The number of moles of ${\mathrm{NH}}_3$, that must be added to $2 \mathrm{L}\text{ of }0.80\mathrm{M} {\mathrm{AgNO}}_3$ in order to reduce the concentration of Ag+ ions$5.0\times {10}^{-8}\mathrm{M} \left({\mathrm{K}}_{{\text{formation }}_{ }}\text{for }{\left[\mathrm{Ag}{\left({\mathrm{NH}}_3\right)}_2\right]}^{+}=1.0\times {10}^8\right)$ is _____ .

We are tasked with determining the number of moles of NH₃ that must be added to a 2L solution of 0.80M AgNO₃ to reduce the concentration of Ag⁺ ions to 5.0 × 10^-8 M. The formation constant (K_f) for the complex ion (Ag(NH₃)₂)+ is given as 1.0 × 10⁸.
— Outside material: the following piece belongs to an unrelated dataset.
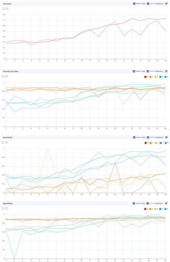While performing 20 epochs, the processing time was 42.6643 s per epoch. In the early stages of training, the AI algorithm showed a rather low diagnostic accuracy, but as the epochs were repeated, the diagnostic performance improved (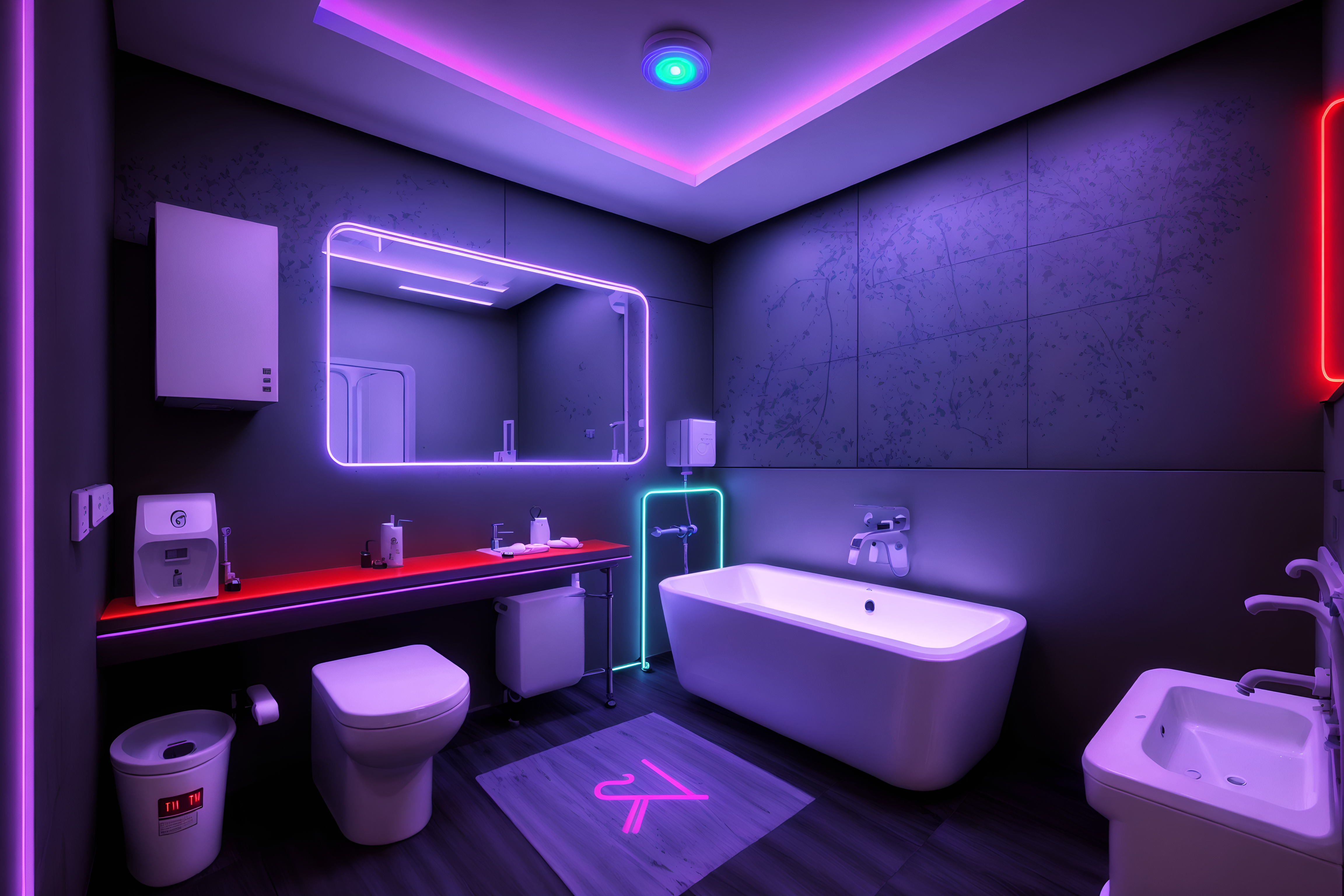 photo from pinterest of gaming room-style interior designed (hotel bathroom interior) with bathroom sink with faucet and toilet seat and waste basket and bath rail and bathtub and shower and bathroom cabinet and plant. . with at night and dark walls and neon letters on wall and purple, red and blue fade light and computer desk with computer displays and keyboard and neon lights and speakers and dark room. . cinematic photo, highly detailed, cinematic lighting, ultra-detailed, ultrarealistic, photorealism, 8k. trending on pinterest. gaming room interior design style. masterpiece, cinematic light, ultrarealistic+, photorealistic+, 8k, raw photo, realistic, sharp focus on eyes, (symmetrical eyes), (intact eyes), hyperrealistic, highest quality, best quality, , highly detailed, masterpiece, best quality, extremely detailed 8k wallpaper, masterpiece, best quality, ultra-detailed, best shadow, detailed background, detailed face, detailed eyes, high contrast, best illumination, detailed face, dulux, caustic, dynamic angle, detailed glow. dramatic lighting. highly detailed, insanely detailed hair, symmetrical, intricate details, professionally retouched, 8k high definition. strong bokeh. award winning photo.

Step 1: Calculate Initial Moles of Ag⁺

The initial moles of Ag⁺ can be calculated using the formula:

Moles of Ag+ = Concentration × Volume = 0.80 M × 2 L = 1.6 moles

Step 2: Define the Number of Moles of NH3 Added

Let A represent the moles of NH₃ added. The reaction can be written as:

Ag+ + 2 NH3 ⇌ (Ag(NH3)2)+

From the stoichiometry, for every mole of Ag⁺, 2 moles of NH₃ are required.

Step 3: Determine the Change in Concentration

After the reaction reaches equilibrium, the concentration of Ag⁺ will be:

[Ag+] = 1.6 - A / 2

Where A is the number of moles of NH₃ added, and A / 2 is the amount of Ag⁺ that reacts with the NH₃.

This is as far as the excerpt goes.